All the records that follow need to be reproduced exactly. Omit the images.

___ Dataset extract ___

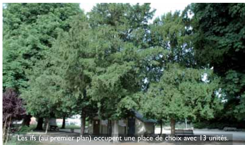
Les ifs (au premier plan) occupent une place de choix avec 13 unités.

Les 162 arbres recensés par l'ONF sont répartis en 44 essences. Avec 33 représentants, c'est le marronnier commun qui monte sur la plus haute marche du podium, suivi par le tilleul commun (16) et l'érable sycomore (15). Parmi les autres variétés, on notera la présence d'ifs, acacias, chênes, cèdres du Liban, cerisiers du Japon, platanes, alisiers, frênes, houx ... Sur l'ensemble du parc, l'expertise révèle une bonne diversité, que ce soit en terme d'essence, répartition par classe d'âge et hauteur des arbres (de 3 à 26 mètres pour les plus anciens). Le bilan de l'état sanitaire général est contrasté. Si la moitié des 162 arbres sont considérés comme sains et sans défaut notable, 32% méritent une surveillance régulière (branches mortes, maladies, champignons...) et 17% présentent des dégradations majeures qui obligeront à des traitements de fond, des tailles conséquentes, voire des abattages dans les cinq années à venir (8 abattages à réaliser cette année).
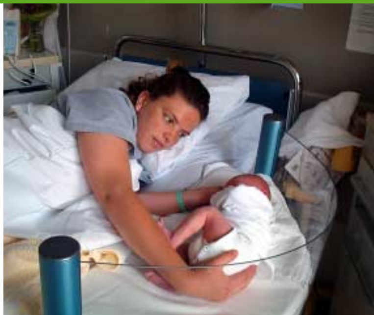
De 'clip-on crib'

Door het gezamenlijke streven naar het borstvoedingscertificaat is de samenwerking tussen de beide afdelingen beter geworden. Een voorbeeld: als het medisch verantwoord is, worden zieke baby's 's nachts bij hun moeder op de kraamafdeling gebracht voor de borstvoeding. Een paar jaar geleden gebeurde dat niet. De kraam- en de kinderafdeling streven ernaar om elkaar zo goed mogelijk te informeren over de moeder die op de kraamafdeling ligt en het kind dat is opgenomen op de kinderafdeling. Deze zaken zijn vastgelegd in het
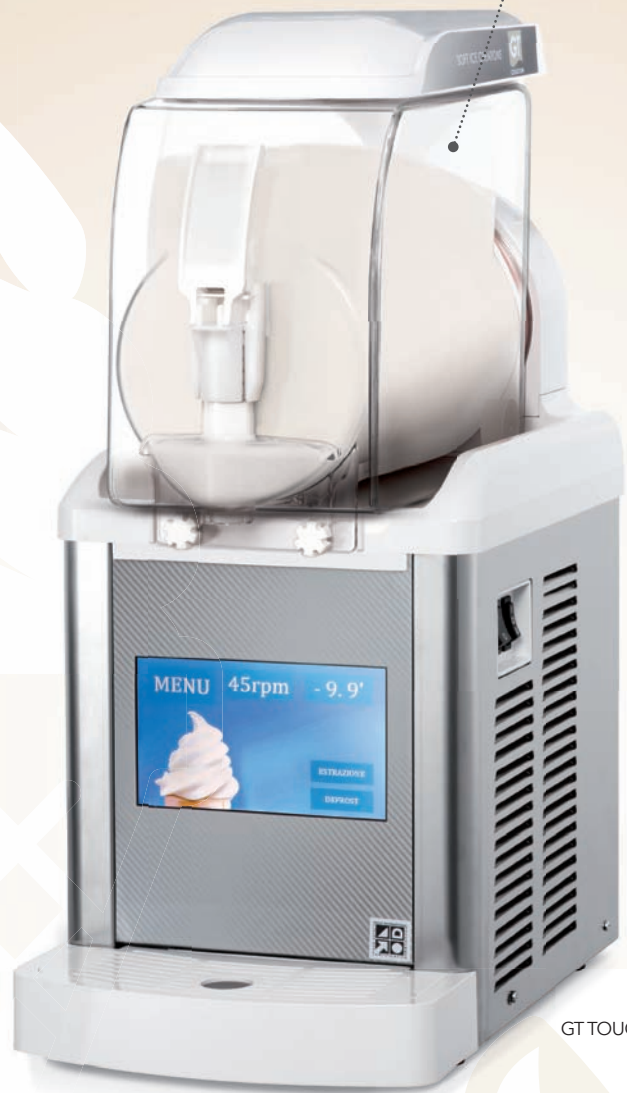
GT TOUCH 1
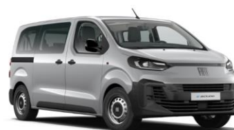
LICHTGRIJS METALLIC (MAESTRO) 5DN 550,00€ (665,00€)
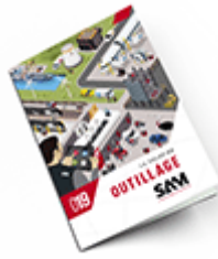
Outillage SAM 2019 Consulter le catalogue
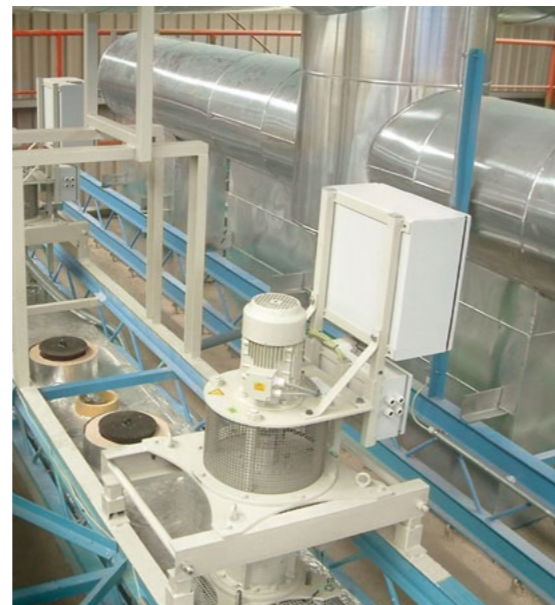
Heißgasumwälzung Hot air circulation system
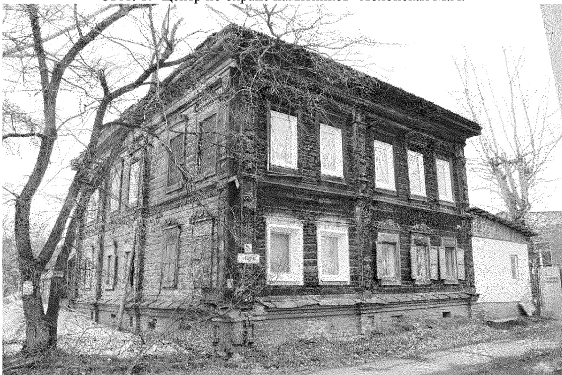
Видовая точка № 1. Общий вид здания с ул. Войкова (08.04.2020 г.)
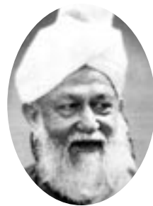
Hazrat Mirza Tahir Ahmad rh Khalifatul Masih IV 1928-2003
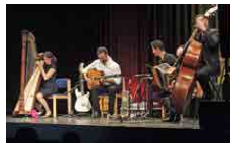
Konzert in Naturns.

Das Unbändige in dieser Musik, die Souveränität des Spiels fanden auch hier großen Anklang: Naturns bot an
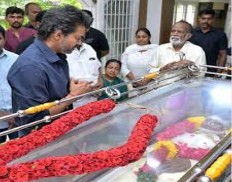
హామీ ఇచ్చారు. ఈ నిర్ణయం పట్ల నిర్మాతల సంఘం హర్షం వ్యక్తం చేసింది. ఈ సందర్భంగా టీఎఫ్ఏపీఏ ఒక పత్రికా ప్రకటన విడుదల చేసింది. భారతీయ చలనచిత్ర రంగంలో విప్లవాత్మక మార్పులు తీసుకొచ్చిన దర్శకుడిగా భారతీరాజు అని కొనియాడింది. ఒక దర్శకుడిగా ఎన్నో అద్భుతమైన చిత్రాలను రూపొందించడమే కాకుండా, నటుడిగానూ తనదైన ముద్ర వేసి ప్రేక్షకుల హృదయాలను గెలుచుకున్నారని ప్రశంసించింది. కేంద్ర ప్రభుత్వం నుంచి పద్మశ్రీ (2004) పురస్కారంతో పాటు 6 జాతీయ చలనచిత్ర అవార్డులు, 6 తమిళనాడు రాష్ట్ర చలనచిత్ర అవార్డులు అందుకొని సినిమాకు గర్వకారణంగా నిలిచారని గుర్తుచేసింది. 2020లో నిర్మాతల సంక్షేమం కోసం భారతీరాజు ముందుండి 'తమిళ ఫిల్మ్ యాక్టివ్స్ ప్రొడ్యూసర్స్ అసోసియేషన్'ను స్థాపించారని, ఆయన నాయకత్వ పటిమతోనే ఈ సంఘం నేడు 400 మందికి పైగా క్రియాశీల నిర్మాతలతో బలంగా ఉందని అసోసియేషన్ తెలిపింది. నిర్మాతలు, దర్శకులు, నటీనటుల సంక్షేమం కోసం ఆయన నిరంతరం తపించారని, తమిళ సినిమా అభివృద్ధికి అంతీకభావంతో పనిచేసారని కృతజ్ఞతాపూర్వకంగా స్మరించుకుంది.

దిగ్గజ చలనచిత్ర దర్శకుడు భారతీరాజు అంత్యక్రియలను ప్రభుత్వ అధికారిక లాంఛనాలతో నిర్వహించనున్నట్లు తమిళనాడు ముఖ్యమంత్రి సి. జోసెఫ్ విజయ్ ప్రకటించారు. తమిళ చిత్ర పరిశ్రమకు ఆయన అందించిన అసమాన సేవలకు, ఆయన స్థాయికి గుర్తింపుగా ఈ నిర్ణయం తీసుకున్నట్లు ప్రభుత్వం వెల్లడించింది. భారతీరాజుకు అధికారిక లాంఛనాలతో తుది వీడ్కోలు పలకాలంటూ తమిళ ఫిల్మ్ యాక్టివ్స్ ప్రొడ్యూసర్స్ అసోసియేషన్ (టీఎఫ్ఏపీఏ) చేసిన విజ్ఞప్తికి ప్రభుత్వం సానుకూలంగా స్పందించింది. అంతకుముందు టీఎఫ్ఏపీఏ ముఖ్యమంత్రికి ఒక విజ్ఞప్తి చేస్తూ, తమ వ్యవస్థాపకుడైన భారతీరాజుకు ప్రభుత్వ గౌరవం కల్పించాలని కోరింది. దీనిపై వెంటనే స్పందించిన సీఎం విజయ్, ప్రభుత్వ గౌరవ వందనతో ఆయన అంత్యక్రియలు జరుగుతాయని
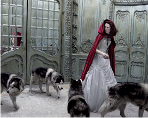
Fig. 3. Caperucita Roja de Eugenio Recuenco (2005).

___

**Result of this exercise:**
Les ifs (au premier plan) occupent une place de choix avec 13 unités.

Les 162 arbres recensés par l'ONF sont répartis en 44 essences. Avec 33 représentants, c'est le marronnier commun qui monte sur la plus haute marche du podium, suivi par le tilleul commun (16) et l'érable sycomore (15). Parmi les autres variétés, on notera la présence d'ifs, acacias, chênes, cèdres du Liban, cerisiers du Japon, platanes, alisiers, frênes, houx ... Sur l'ensemble du parc, l'expertise révèle une bonne diversité, que ce soit en terme d'essence, répartition par classe d'âge et hauteur des arbres (de 3 à 26 mètres pour les plus anciens). Le bilan de l'état sanitaire général est contrasté. Si la moitié des 162 arbres sont considérés comme sains et sans défaut notable, 32% méritent une surveillance régulière (branches mortes, maladies, champignons...) et 17% présentent des dégradations majeures qui obligeront à des traitements de fond, des tailles conséquentes, voire des abattages dans les cinq années à venir (8 abattages à réaliser cette année).
De 'clip-on crib'

Door het gezamenlijke streven naar het borstvoedingscertificaat is de samenwerking tussen de beide afdelingen beter geworden. Een voorbeeld: als het medisch verantwoord is, worden zieke baby's 's nachts bij hun moeder op de kraamafdeling gebracht voor de borstvoeding. Een paar jaar geleden gebeurde dat niet. De kraam- en de kinderafdeling streven ernaar om elkaar zo goed mogelijk te informeren over de moeder die op de kraamafdeling ligt en het kind dat is opgenomen op de kinderafdeling. Deze zaken zijn vastgelegd in het
GT TOUCH 1
LICHTGRIJS METALLIC (MAESTRO) 5DN 550,00€ (665,00€)
Outillage SAM 2019 Consulter le catalogue
Heißgasumwälzung Hot air circulation system
Видовая точка № 1. Общий вид здания с ул. Войкова (08.04.2020 г.)
Hazrat Mirza Tahir Ahmad rh Khalifatul Masih IV 1928-2003
Konzert in Naturns.

Das Unbändige in dieser Musik, die Souveränität des Spiels fanden auch hier großen Anklang: Naturns bot an
హామీ ఇచ్చారు. ఈ నిర్ణయం పట్ల నిర్మాతల సంఘం హర్షం వ్యక్తం చేసింది. ఈ సందర్భంగా టీఎఫ్ఏపీఏ ఒక పత్రికా ప్రకటన విడుదల చేసింది. భారతీయ చలనచిత్ర రంగంలో విప్లవాత్మక మార్పులు తీసుకొచ్చిన దర్శకుడిగా భారతీరాజు అని కొనియాడింది. ఒక దర్శకుడిగా ఎన్నో అద్భుతమైన చిత్రాలను రూపొందించడమే కాకుండా, నటుడిగానూ తనదైన ముద్ర వేసి ప్రేక్షకుల హృదయాలను గెలుచుకున్నారని ప్రశంసించింది. కేంద్ర ప్రభుత్వం నుంచి పద్మశ్రీ (2004) పురస్కారంతో పాటు 6 జాతీయ చలనచిత్ర అవార్డులు, 6 తమిళనాడు రాష్ట్ర చలనచిత్ర అవార్డులు అందుకొని సినిమాకు గర్వకారణంగా నిలిచారని గుర్తుచేసింది. 2020లో నిర్మాతల సంక్షేమం కోసం భారతీరాజు ముందుండి 'తమిళ ఫిల్మ్ యాక్టివ్స్ ప్రొడ్యూసర్స్ అసోసియేషన్'ను స్థాపించారని, ఆయన నాయకత్వ పటిమతోనే ఈ సంఘం నేడు 400 మందికి పైగా క్రియాశీల నిర్మాతలతో బలంగా ఉందని అసోసియేషన్ తెలిపింది. నిర్మాతలు, దర్శకులు, నటీనటుల సంక్షేమం కోసం ఆయన నిరంతరం తపించారని, తమిళ సినిమా అభివృద్ధికి అంతీకభావంతో పనిచేసారని కృతజ్ఞతాపూర్వకంగా స్మరించుకుంది.

దిగ్గజ చలనచిత్ర దర్శకుడు భారతీరాజు అంత్యక్రియలను ప్రభుత్వ అధికారిక లాంఛనాలతో నిర్వహించనున్నట్లు తమిళనాడు ముఖ్యమంత్రి సి. జోసెఫ్ విజయ్ ప్రకటించారు. తమిళ చిత్ర పరిశ్రమకు ఆయన అందించిన అసమాన సేవలకు, ఆయన స్థాయికి గుర్తింపుగా ఈ నిర్ణయం తీసుకున్నట్లు ప్రభుత్వం వెల్లడించింది. భారతీరాజుకు అధికారిక లాంఛనాలతో తుది వీడ్కోలు పలకాలంటూ తమిళ ఫిల్మ్ యాక్టివ్స్ ప్రొడ్యూసర్స్ అసోసియేషన్ (టీఎఫ్ఏపీఏ) చేసిన విజ్ఞప్తికి ప్రభుత్వం సానుకూలంగా స్పందించింది. అంతకుముందు టీఎఫ్ఏపీఏ ముఖ్యమంత్రికి ఒక విజ్ఞప్తి చేస్తూ, తమ వ్యవస్థాపకుడైన భారతీరాజుకు ప్రభుత్వ గౌరవం కల్పించాలని కోరింది. దీనిపై వెంటనే స్పందించిన సీఎం విజయ్, ప్రభుత్వ గౌరవ వందనతో ఆయన అంత్యక్రియలు జరుగుతాయని
Fig. 3. Caperucita Roja de Eugenio Recuenco (2005).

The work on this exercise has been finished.